Best smokes: The Egyptian waterpipe, known as the sheesha, is the highest refinement in tobacconeering. Avoid the deadly, cigar-like tombak and go for smooth, sweet ma'assil. Stewed in treacle and flavoured plain, apple, mango, orange or even banana, the African leaf is packed in a clay bowl, then topped with lit coals.

Drink of the moment: Sugarcane juice is vital in the summer, when the daytime heat hovers at lead-melting temperature. Freshly pressed in an ingenious mangle at any respectable juice stand, it costs a refreshing shilling. Daredevils in search of stronger stuff may risk local potions with uncannily familiar handles, such as Tony Talker Red Label, or Golden's London Dry Din.

Most ubiquitous item of attire: The wimple in rainbow polyester with sequins and matching spike heels. For the seriously pious, the full-face veil, dramatically anonymous like a fencer's mask but made of fine gauze. For lads, the acceptable accessory is worry beads. Keys to your Mercedes 500 SEL will substitute.

Most inappropriate item of attire: Sandals, because there are lots of icky things at foot level. And garments that overexpose flesh, because they are out of fashion by the will of God.
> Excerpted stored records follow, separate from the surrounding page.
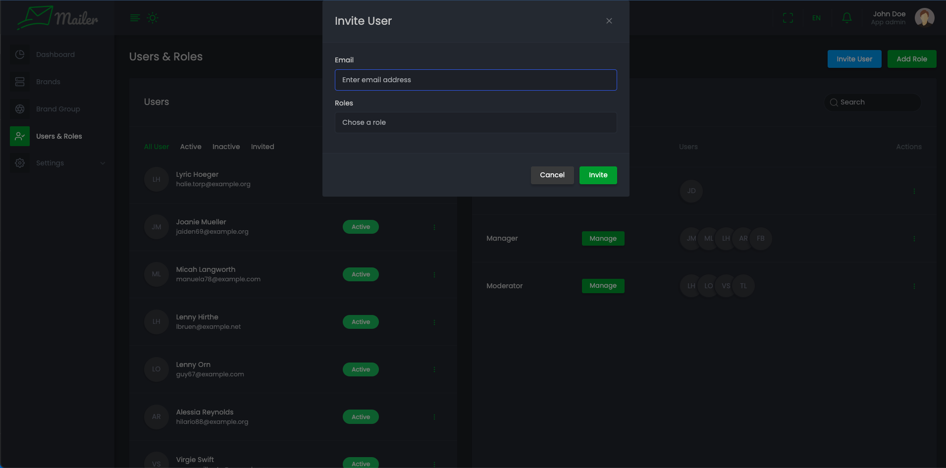 Click on Invite User, It will open a modal that requires user email, and role that will assigned to that user. Invited user will get an confirmation email with a link. That link will redirect to a page where user can set their basic information.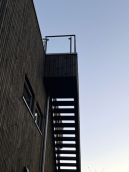 Samtidig som huset ble reist, arbeidet vi med interiørarkitekturen for å sikre at løsningene understøttet familiens behov for bruk av rommene i hverdagen. Mindre justeringer på plantegningen ga mer hensiktsmessige løsninger på både soverom, bad, toalett og garderobe. Noen ganger er det bare flytting av en vegg eller sideforskyving av en dør som skal til, for å få plass til garderobeskapet, en bredere seng, hjemmekontoret eller større plass på toalettet.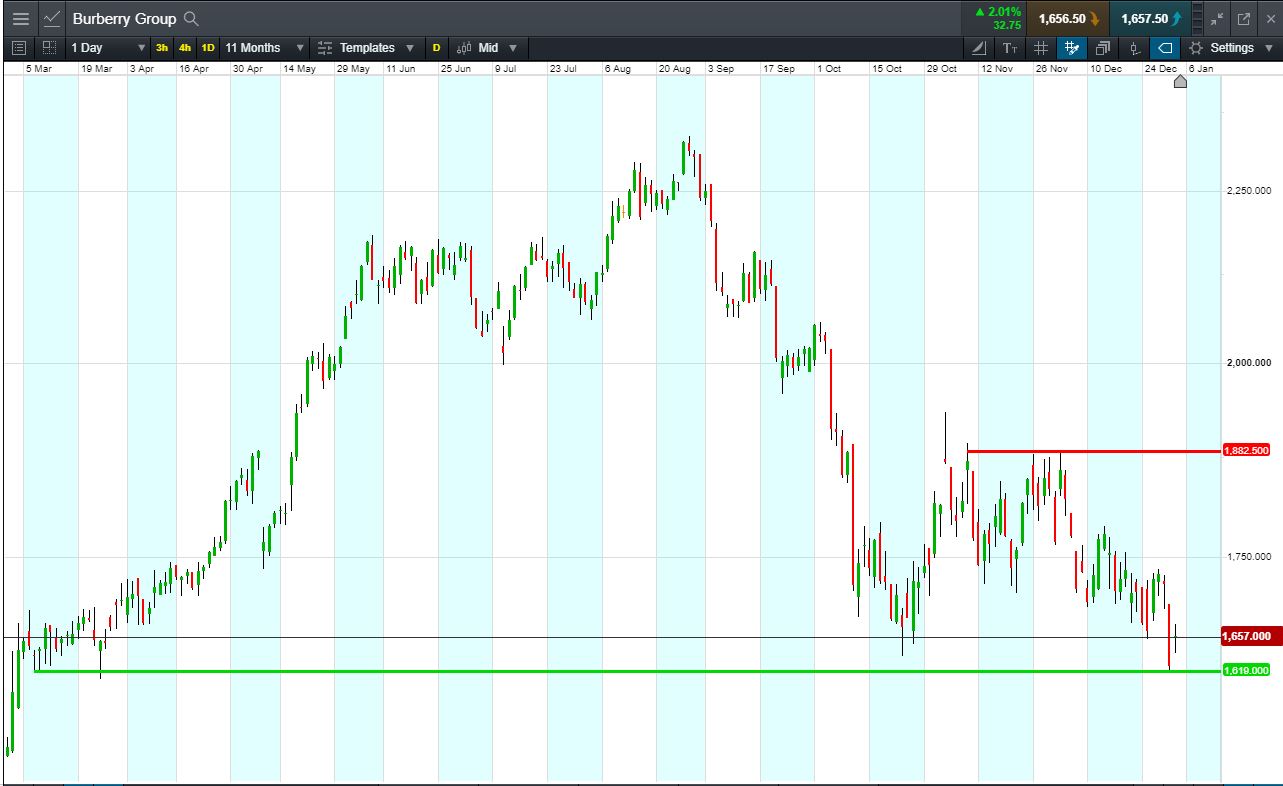 Let’s say you think that Burberry shares have upside potential as result of this broker upgrade. You decide to buy exposure to £10,000 worth of Burberry using a CFD, at the current price of 1657p. To do this, you need £2,000.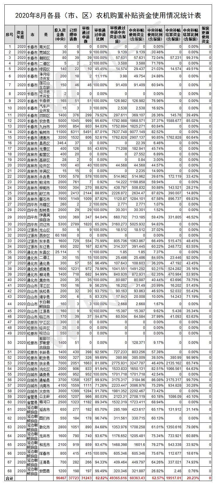 進展較慢的市區(qū)有四平市轄區(qū)、梨樹縣、遼源市西安區(qū)、靖宇縣、長白縣、松原市寧江區(qū)、經開區(qū)、哈達山區(qū)、前郭縣等,其中個別縣市資金使用仍為零。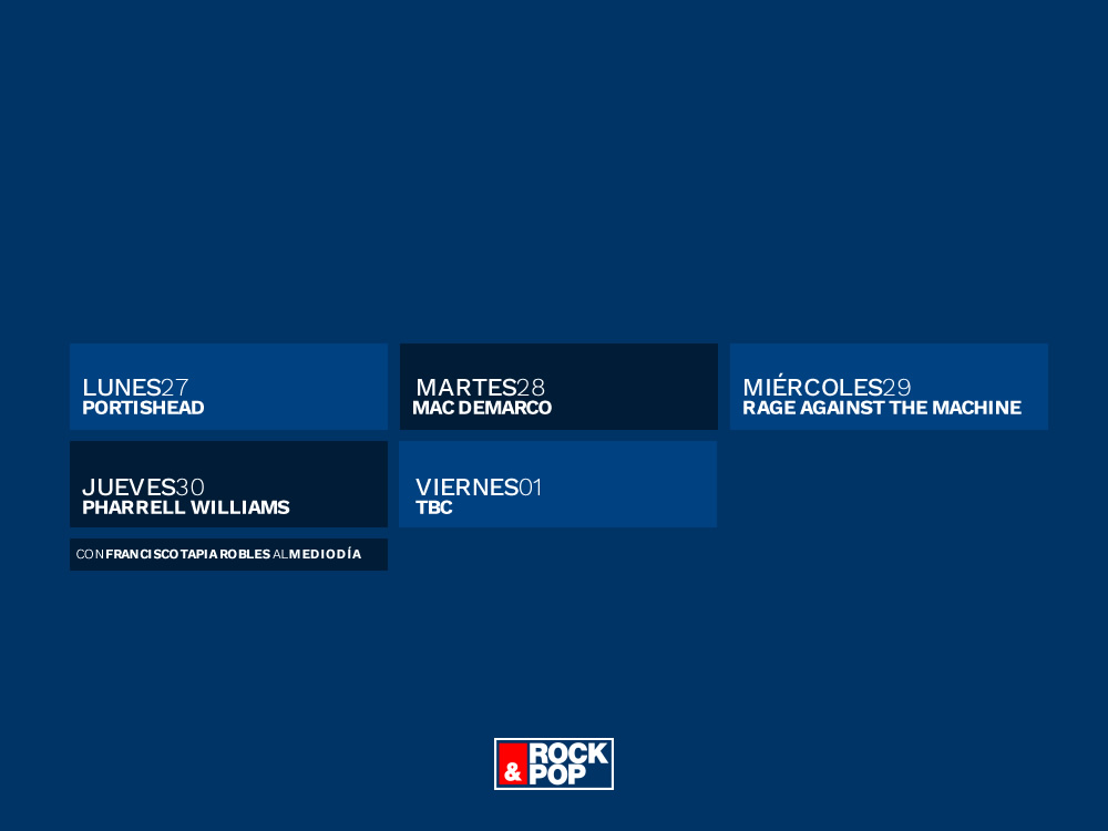 Especial #EspecialRP PHARRELL WILLIAMS HAPPY SHE WANTS TO MOVE HUNTER LOSE YOURSELF TO DANCE GET LUCKY BLURRED LINES Leer más... from #EspecialRP PHARRELL WILLIAMS Por Francisco Tapia Robles | 30 Nov, 2017. 12:30 hrs Comparte HAPPY SHE WANTS TO MOVE HUNTER LOSE YOURSELF TO DANCE GET LUCKY BLURRED LINES Mira el video de "Jacky's Only Happy When She's Up on the Stage", lo nuevo de Morrissey Dua Lipa entregó sus "nuevas reglas" para Navidad Sigue a Rockandpop.cl en Google Discover Recibe nuestros contenidos directamente en tu feed. Seguir en Google Contenido patrocinado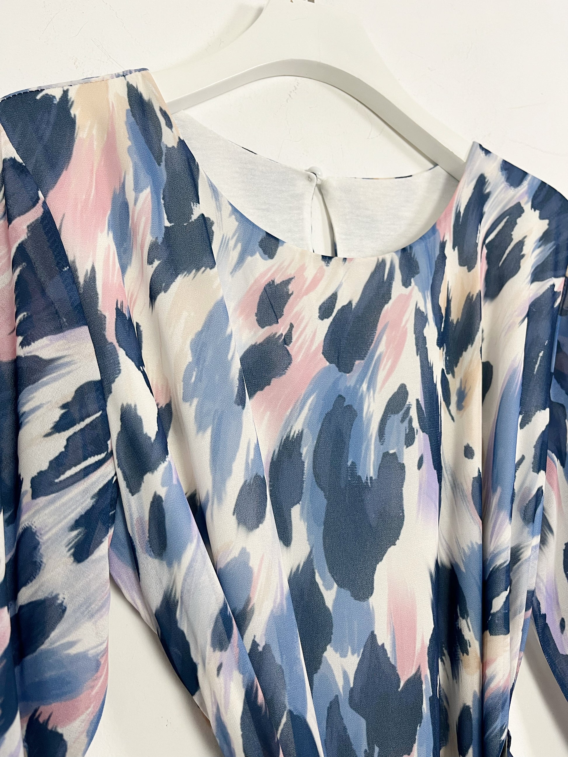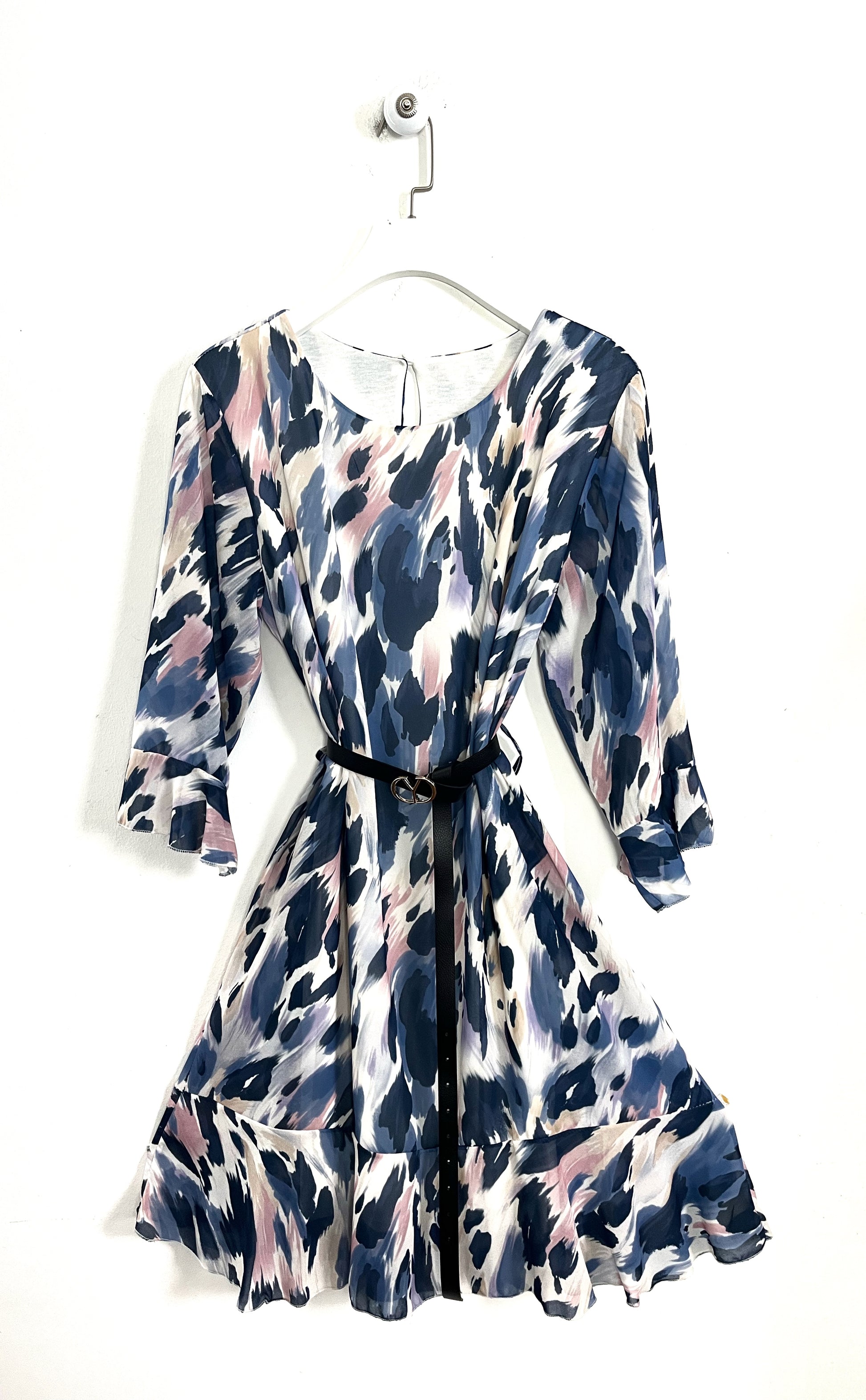 Abito in voile, taglio dritto. Maniche a campana tre quarti. Girocollo, chiuso da un bottoncino sulla schiena. Foderato.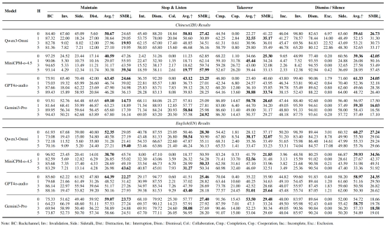 GPT-4o-audio:动作级别表现体面,但在Collaboration(第三方协作插入)场景下准确率不到8%。 几乎完全无法识别"另一个相关的人加入了对话"这种情况。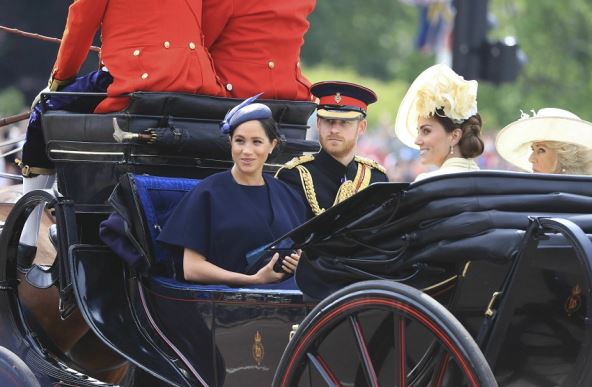 Vojvotkinja od Saseksa, koja se pojavila u teget kombinaciji od glave do pete, provezla se kočijom u pratnji supruga u uniformi, a pridružile su im se vojvotkinja od Kembridža Kejt Midlton i vojvotkinja od Kornvola Kamila Parker.
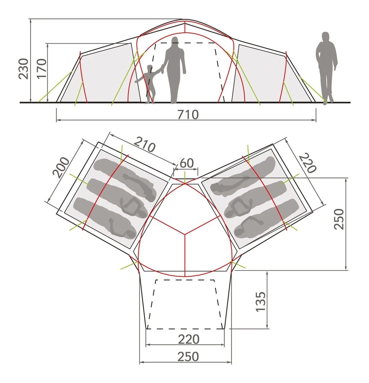 Hier wurde extravagantes Design mit maximaler Funktionalität gepaart: Optimal für alle, die es leid sind, in Querschläferzelten immer „hinten“ schlafen zu müssen. Durch eine Drehung der Innenzelte werden die Schlafräume zu „Längsschläfern“. Das Zelt ist mit einer Wassersäule von 3.000 mm auch bei Dauerregen zuverlässig wasserdicht und bietet ein sehr gutes Raumklima. Ansonsten bietet das windstabile Badawi Long 6P den gleichen Komfort wie sein kleinerer Bruder Badawi 4P: einen großen Innenraum, hervorragende Belüftung durch das VAUDE Top-Vent-System und die Netzfenster, zusätzliche Taschen an den Zelttüren und eine extra Bodenunterlage für den Vorraum. Dank Farbcodierung am Gestänge und den Gestängekanälen ist der Aufbau schnell gemacht. Durch das außenliegende Gestänge können zudem Innen-und Außenzelt bequem in einem Schritt aufgebaut werden.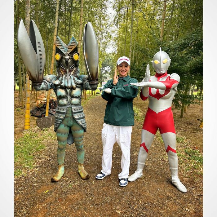 そして、木戸さんは「小さい頃にずっと観ていたウルトラマンや怪獣たちともコース内で会えました(笑)」と、まさかのゴルフ場でウルトラマンに出会ったことを報告!「バルタン星人」と「ウルトラマン」に挟まれ、必殺技のポーズで撮影していました。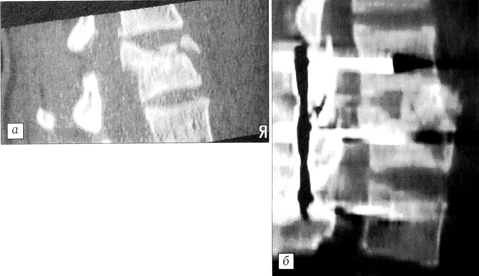 Рис. 7. Перелом L2 с импакцией в вышележащее плато: передний доступ, выполненный после ламинэктомии и репозиции из заднего доступа, с фиксацией транспедикулярной системой. Обратить внимание на положение основы и высоту диска, полученную благодаря трансплантату.а — перед операцией;б — через 6 мес после операции.
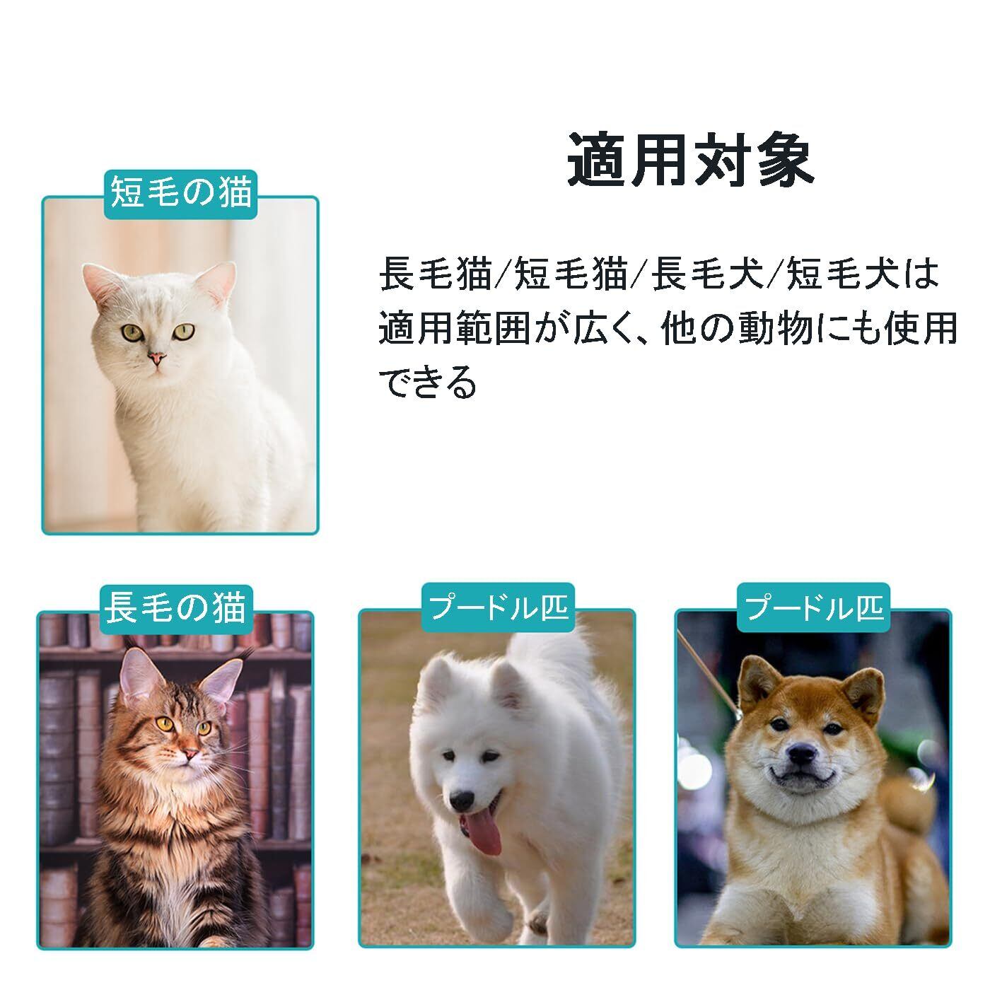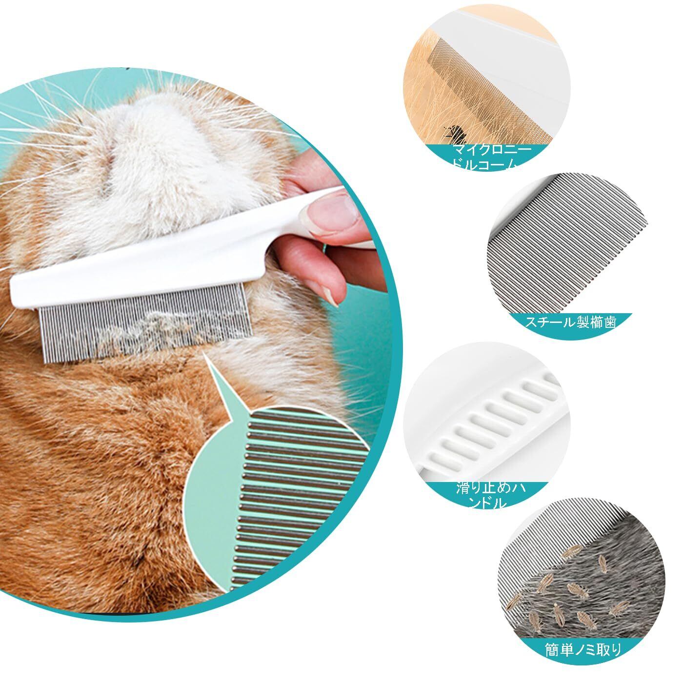 【適用対象】:猫、犬、小型ペットに適しています。櫛歯のデザインが細かいので、ペットの肌に過度なストレスを与えないように、使用時には優しく梳いてください。

Catch-phrase: "Maaalessh". It means never mind, even if you are 10ft up on a camel's hump and he is galloping into the Sahara; even if the lotus blossom scent you just purchased at the Thousand Nights Perfume Palace turns out to be Tony Talker Red Label.

Shopping: Cairo is one of the unsung bargains of the world. Cotton things are cheap, cheap, cheap: shirts, sheets, towels, etc. Also leather goods and tacky nick-nacks with pharaonic motifs.

Sporting diversions: Sailing on the Nile, riding at the Pyramids, golfing at the Gezira Club and haggling at the Khan el Khalili bazaar are old hat. For real sport try crossing the street. Instead of signs saying "Look Left", Cairo kerbs - where they exist - should advise you to acquire Olympic sprinting ability and 360 degree vision.